(※写真はイメージです/PIXTA)

3月に入っても、米国市場は好調に推移しています。こうしたなか、「今回は景気後退は来ない」や「今回はバブルではない」といった主張がみられます。しかし、フィデリティ・インスティテュート主席研究員でマクロストラテジストの重見吉徳氏は、金融市場で「今回は違う」という主張が聞こえはじめると「市場のピークが近い」といいます。いったいなぜか、詳しくみていきましょう。

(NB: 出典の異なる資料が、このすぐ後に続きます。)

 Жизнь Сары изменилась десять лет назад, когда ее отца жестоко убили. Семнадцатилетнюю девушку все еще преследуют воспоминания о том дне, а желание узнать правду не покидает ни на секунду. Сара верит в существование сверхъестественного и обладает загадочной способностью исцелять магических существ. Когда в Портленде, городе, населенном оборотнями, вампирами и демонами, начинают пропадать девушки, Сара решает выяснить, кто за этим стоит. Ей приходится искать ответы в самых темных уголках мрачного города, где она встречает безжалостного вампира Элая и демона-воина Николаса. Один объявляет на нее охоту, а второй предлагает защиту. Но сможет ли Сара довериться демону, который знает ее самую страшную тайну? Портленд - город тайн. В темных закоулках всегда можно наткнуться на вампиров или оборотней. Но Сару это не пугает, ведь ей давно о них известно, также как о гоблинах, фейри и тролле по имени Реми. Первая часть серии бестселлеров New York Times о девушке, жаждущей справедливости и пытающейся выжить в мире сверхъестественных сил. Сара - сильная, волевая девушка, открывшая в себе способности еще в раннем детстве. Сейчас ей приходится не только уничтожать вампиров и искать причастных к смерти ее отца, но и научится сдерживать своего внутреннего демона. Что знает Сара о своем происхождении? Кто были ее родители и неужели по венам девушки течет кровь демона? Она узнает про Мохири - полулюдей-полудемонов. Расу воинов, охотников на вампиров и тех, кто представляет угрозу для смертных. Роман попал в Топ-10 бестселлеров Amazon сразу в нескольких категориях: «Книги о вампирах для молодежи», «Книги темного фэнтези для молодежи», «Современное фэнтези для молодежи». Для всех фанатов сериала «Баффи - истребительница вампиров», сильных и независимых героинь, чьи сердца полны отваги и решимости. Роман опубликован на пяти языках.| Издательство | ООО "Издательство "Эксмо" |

景気後退は来ない、バブルではない…米国で聞かれる主張

最近になって「今回は違う」がいくつか聞かれ始めました。3つ取り上げてみます。

 

1.「今回は景気後退は来ない」

まず、「今回は景気後退は来ない」との主張です。

 

過去の金融市場のパターンでは、すべてではないものの、多くのケースで「利上げや逆イールド(=長短金利の逆転)のあとは景気後退が来て」います。

 

[図表1]米国の2年~10年金利差
[図表1]米国の2年~10年金利差

 

しかし、景気拡大が続くなかで、「今回は違う。これまでいわれてきたような『ソフト・ランディング』ではなく、『ノー・ランディング』であり、米国経済は『着陸』しない」(≒浅い景気後退すら生じない)との見方が出てきています。

 

たとえば、ロイター通信社は3月1日付の記事で、複数の運用者やストラテジストの発言を取り上げて、逆イールドはもはや景気後退の前兆ではないと報じています。

 

2.「今回はバブルではない」

もうひとつ聞かれるのが、「今回はバブルではない」との主張です。

 

現在の米国株式市場も、一部のテクノロジー株式が偏った上昇をみせ、しかもバリュエーションも高水準になっており、2000年の頃の米国株式市場と似ているようにみえます。

 

[図表2]S&P500情報技術セクターの相対株価
[図表2]S&P500情報技術セクターの相対株価

 

しかし、株価上昇が続くなかで、「今回は違う。今回は2000年のITバブルの頃とは異なり、大型テクノロジー企業には利益が伴っているので、バブルではない」との見方が出てきています。

 

たとえば、3月11日付の米Fortune誌の記事や、同12日付のBloomberg社の記事では、主要な米投資銀行の複数のストラテジストが「現在の株式市場やテクノロジー株式の上昇はバブルの状況ではない」と考えていることを伝えています。

 

3.「今回こそインフレが来るのでは?」

2点目の「今回はバブルではない」に関連して大事なのは、いま上昇しているのは、人工知能(AI)や半導体に関連する株式や『マグニフィセント7』だけではないということです。

 

ゴールドやビットコインもそうですし、そうしたキャピタル・ゲインがある資産だけではなく、(100で満期償還される)米国のハイ・イールド債券も買われています。

 

[図表3]ビットコインの価格
[図表3]ビットコインの価格

 

[図表4]米国ハイ・イールド債券指数の信用スプレッド(米国債に対する上乗せ金利)
[図表4]米国ハイ・イールド債券指数の信用スプレッド(米国債に対する上乗せ金利)

 

さらには、高金利で圧迫されていたはずの米国の住宅価格も再び上昇しています。

 

[図表5]S&Pケース=シラー全米住宅価格指数(2000年1月=100)
[図表5]S&Pケース=シラー全米住宅価格指数(2000年1月=100)

 

このように、多くの資産価格が上がる状況をみると、もうひとつの『今回は違う』がみえてきます。

 

それは、「今回こそインフレが来るのではないか」というものです。

 

3つの『今回は違う』

 

1.米景気:「今回は景気後退は来ない」

2.米株価:「今回はバブルではない」

3.インフレ:「今回こそインフレが来るのでは?」

 

人々がインフレのリスクを気にしているのであれば、不換紙幣を持つのを止め、退蔵できるモノや資産に換えようとします。

 

インフレのリスクを感じさせる要因は、(引き締めが望ましいときの)中央銀行による貨幣発行の増加や金融緩和であり、これを招く公的債務の増加や金融機関の苦境でしょう。

 

すでに、実体経済と金融政策は「債務の虜囚(りょしゅう)」になっている可能性があります。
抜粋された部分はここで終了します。